Securely Send Mass SMS in Node.js

Posted on March 22, 2017

The Flowroute messaging API enables developers to programmatically send and receive SMS text messages. Many scenarios require the ability to provide notifications by sending mass messages to a list of opt-in recipients. The cloud provides the services and components necessary to securely authenticate a user with administrative privileges, persist the recipient numbers, and send the SMS texts. It also enables a secure store for secrets such as database connection strings and API keys. For smaller projects, these resources are open source and free to use.

To get started, ensure you have met the following prerequisites:

– Installed the latest stable version of Node.js: https://nodejs.org/

– Have access to a functional Docker engine: https://www.docker.com/

– Activated your Flowroute account

Database in the Cloud

A simple option for hosting MongoDB in the cloud is a service called mLab (http://www.mlab.com/).
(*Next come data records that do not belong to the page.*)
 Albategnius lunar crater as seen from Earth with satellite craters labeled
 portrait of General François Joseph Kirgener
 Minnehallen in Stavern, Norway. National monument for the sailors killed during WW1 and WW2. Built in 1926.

Sign up for an account and opt for the free 0.5 GB database. Figure 1 shows the button to tap on the web-based UI.

Create new MongoDB

Figure 1: Create new Mongo DB Deployment

After you choose to create the deployment, you are given the option to choose your cloud provider. Pick whichever one you are comfortable working with (this does not require that you have an existing account with the cloud provider and simply gives you the option to choose where mLab will host your database). Use the single-node plan for the free sandbox, and give it the name telephony as shown in Figure 2. Tap the button in the lower right to create your database.

Deployment Options

Figure 2: Deployment options

After the database is created, navigate to the “Users” tab and tap the “add database user” button.  This example used the name “telephony-user.” Choose a password for the user. At the top of the UI is a connection string as shown in Figure 3. Write this down (the connection string you’ll use is everything after the two slashes) with the appropriate username and password, i.e.:

telephony-user:mysecretpwd@ds012345.mlab.com:58369/telephony

Connection String
Figure 3: Connection String

The database will contain two collections, one for a list of authorized users and another with a list of approved telephone numbers. This will be populated once you have a user-id for authentication.
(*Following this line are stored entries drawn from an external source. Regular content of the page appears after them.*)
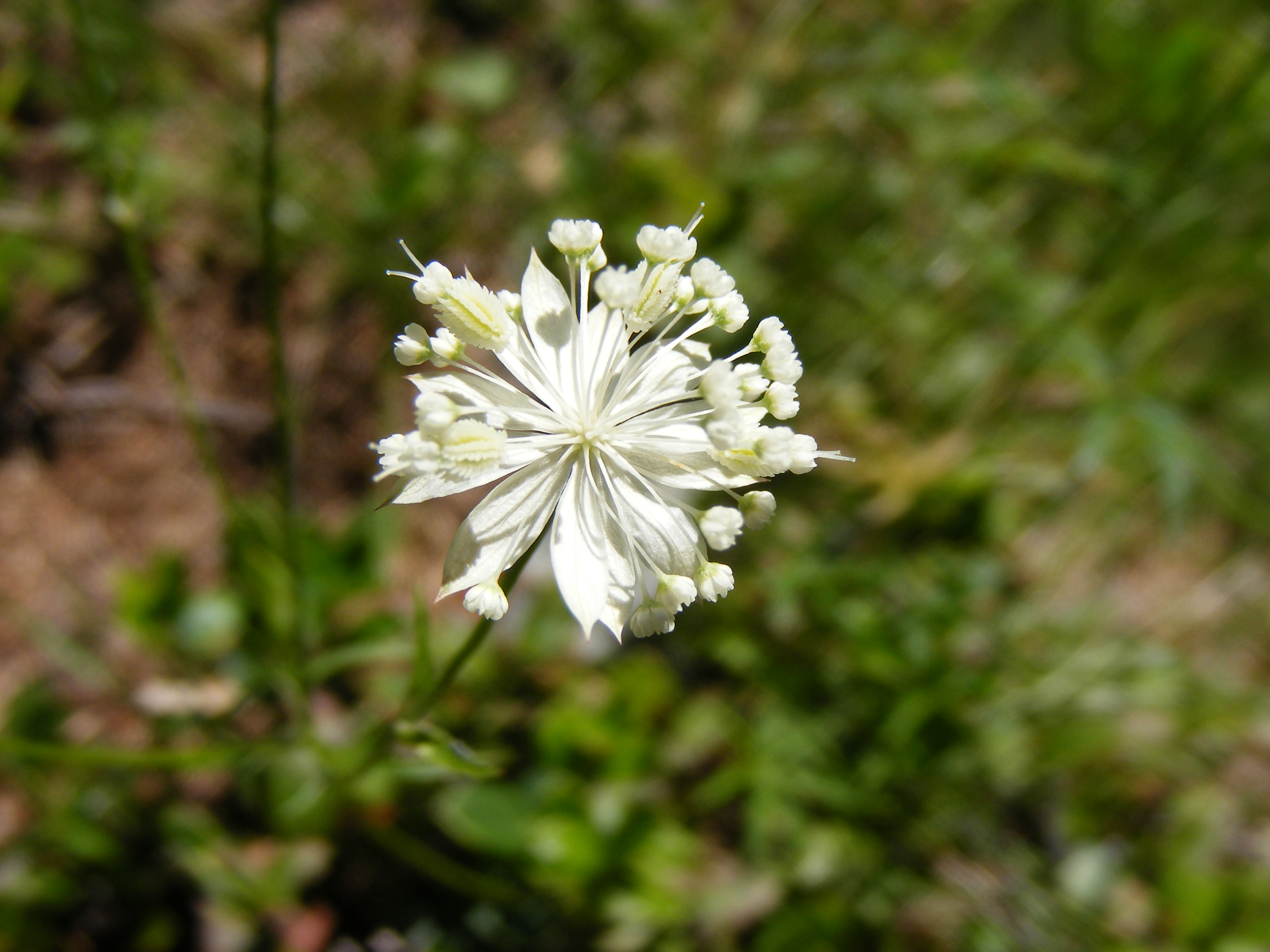 This photo shows Astrantia minor Flowerhead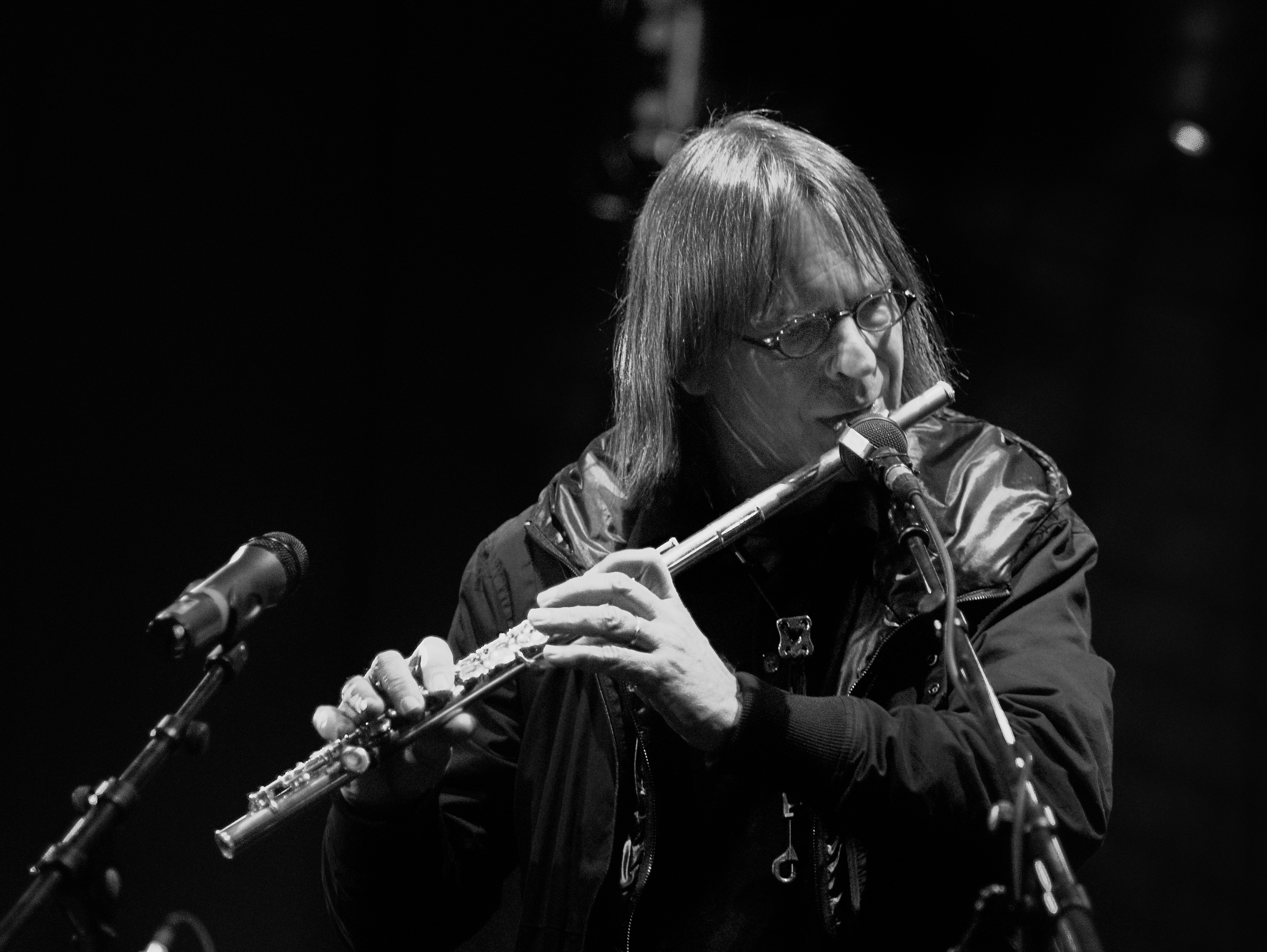 Heiner Wiberny live at Aachen September Special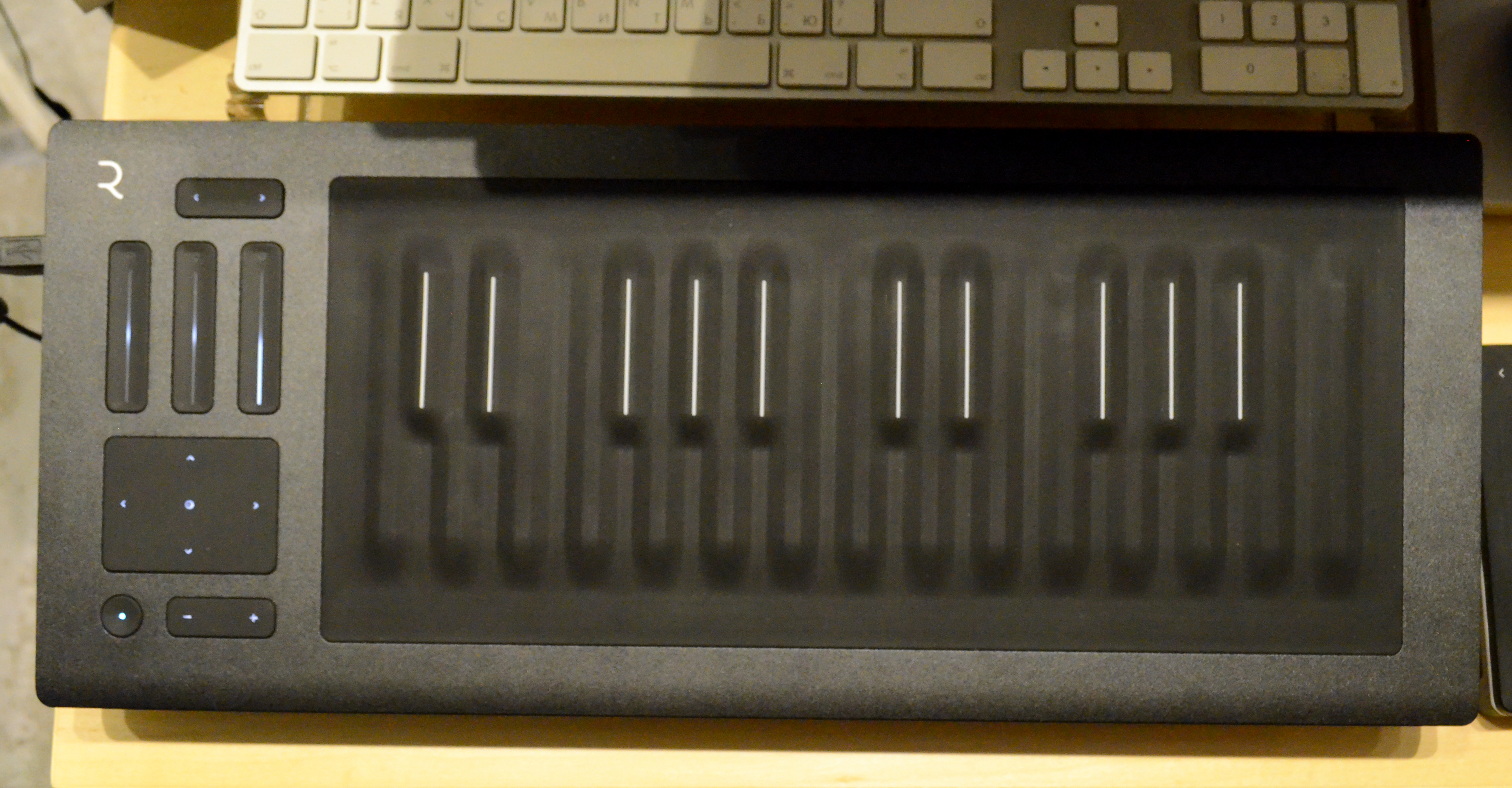 ROLI product: Seaboard RISE 25

Authentication as a Service

Authentication is required to identify users who are authorized to send the SMS texts. Without this crucial step, anyone could potentially blast the service with spam text messages. A convenient and free way to handle authentication is provided by Auth0 at http://auth0.com. After you sign up, you are given the option to use your GitHub, Google, LinkedIn, or Microsoft Account credentials. There is also an option for a work email and password if you don’t want to use a third-party provider. The provider you choose to login with is important because it must match what you will set as an “approved user” to send SMS emails.

After logging in, Auth0 will create a default “client” app so that you can build authentication into your own software. For now, choose the “Clients” option, tap “Default App” and note:

– Your domain (for example, user.auth0.com)

– Your client id

– Your client secret (you can click the checkbox to reveal the secret or use the copy icon to copy it to the clipboard)

There is one more important piece of information. In the navigation bar, tap on “Users” and you will see your own account listed. Click on the link with your name to grab the user details, then tap the “Raw JSON” tab. This will list various properties in JSON format that look like this:

Bulk text code

The credentials may be different depending on what provider you used, but all should give you a value for “user id” with the provider. Note this value down. In the example, this value is:

google-oauth2|199999---------------

You will use this in a minute.

Database Client

A simple way to manage your database is to use the Mongoclient management tool: https://hub.docker.com/r/mongoclient/mongoclient/. Follow the Docker instructions to pull the container down and run it, then browse to http://localhost:3000. Tap “Connect” in the upper right to open the connection dialog, then “Create New.” Give it the name “mLab” and paste the connection URL you saved earlier for your MongoDB (for this dialog, you will need to prefix it with mongodb://). After you tab out of the field, it will auto-populate the rest of the form as shown in Figure 4.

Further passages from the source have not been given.